On 3/27/07, Gilles Scokart <[EMAIL PROTECTED]> wrote:


I started to try to scoping for the ivy:settings with the same idea than
Maarten (<ivy:settings id="my-settings" settings="settings.xml" />
<ivy:resolve resolveId="my-resolve" settingsRef="my-settings" />
<ivy:cachepath resolveId="my-resolve" settingsRef="my-settings" />)

And during the test I notice a side effect that I didn't expected.  The
trace of the old configure task are now present in the first task to use
the
settings (of curse, you would say).  For the settings, it is not really an
issue.  However, if we go up to the ivy:cachepath datatype, it might be
more
problematic.  We could end with all the resolve traces under a [java]
task,
which might be disappointing for the user.

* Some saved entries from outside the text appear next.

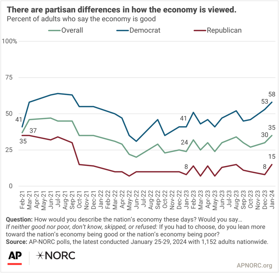 Thirty-five percent say the national economy is good, up slightly from 30% in an AP-NORC poll conducted in December and 24% in January 2023. The economy is seen as poor by 65%, down from 69% in December and 76% a year ago. Both Democrats and Republicans are more likely to describe the economy as good compared with last January. But, while 58% of Democrats now have a positive opinion of the economy, only 15% of Republicans agree.
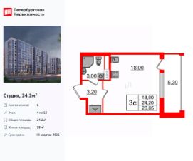 Удобная, классическая, функциональная европланировка, просторная прихожая 3.2 м². Общая площадь студии - 24.2 м², жилая 18 м², высота потолка 2.77 м.
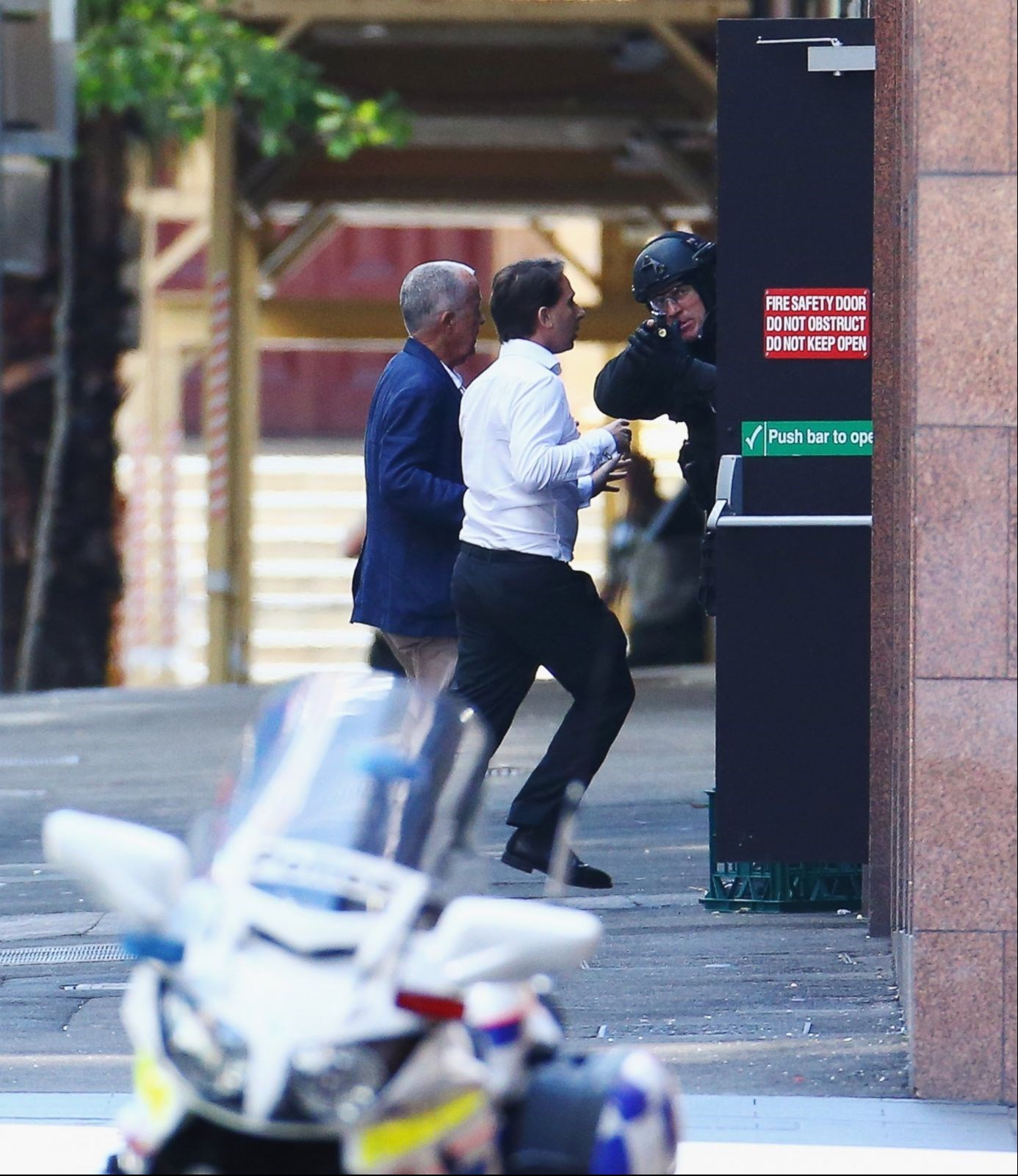 یکی از گروگانها که احتمالاً یکی از کارکنان رستوران بوده از دست گروگانگیرها فرار میکند
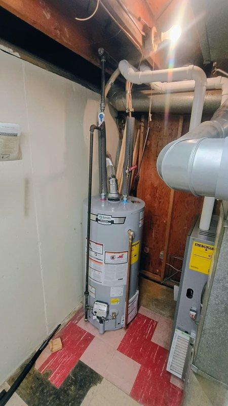 Replaced existing water heater with new 40-gallon Bradford White draft vent model. Installed new 1/4 turn ball valve to replace old valve, ensuring proper connection to existing plumbing. Completed installation in residential utility area with all connections secured and system functioning properly.
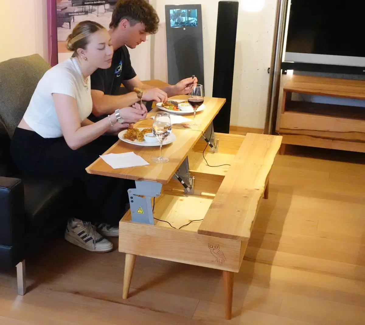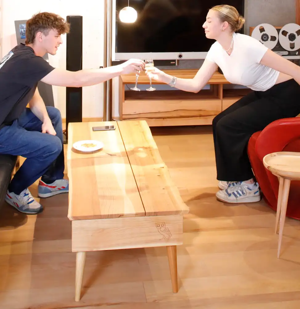 Natürlich kann man darüber diskutieren, ob man am Couchtisch essen sollte, aber es gibt auch Wohnungen ohne eigenen Essplatz und man kann daran auch sehr bequem am Notebook arbeiten. Davon abgesehen geben unsere Kunden an, welche Ausstattung ihr Möbel haben soll und für diese junge Dame sollte der Sofatisch eben höhenverstellbar sein und Smartphones aufladen können.
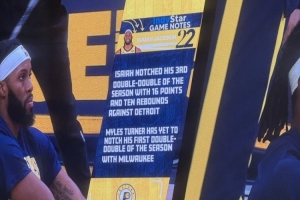 比賽首節(jié)主場(chǎng)展示以賽亞-杰克遜數(shù)據(jù)寫(xiě)道:“以賽亞·杰克遜在對(duì)陣活塞時(shí)砍下16分10籃板,拿到賽季第三次兩雙,邁爾斯·特納在雄鹿還沒(méi)拿過(guò)兩雙?!?/p>

We should probably see it in action before really evaluate the impact, but
that's a potential issue.

What is your feeling about that?


I agree that users will certainly be disapointed by traces like that, but
fortunately we can control the output. It will require some more work on the
Messages API, but I think we can log using another task logger, and thus
seeing the configure trace in the settings or configure task, even if it's
triggered by a cachepath in java.

BTW, according to your discussion about datatype lifecycle on ant mailing
list, I think the major concern for now is that datatype have no real
lifecycle, so I don't think converting cachepath and cachefileset to
datatypes is a good idea with current Ant version.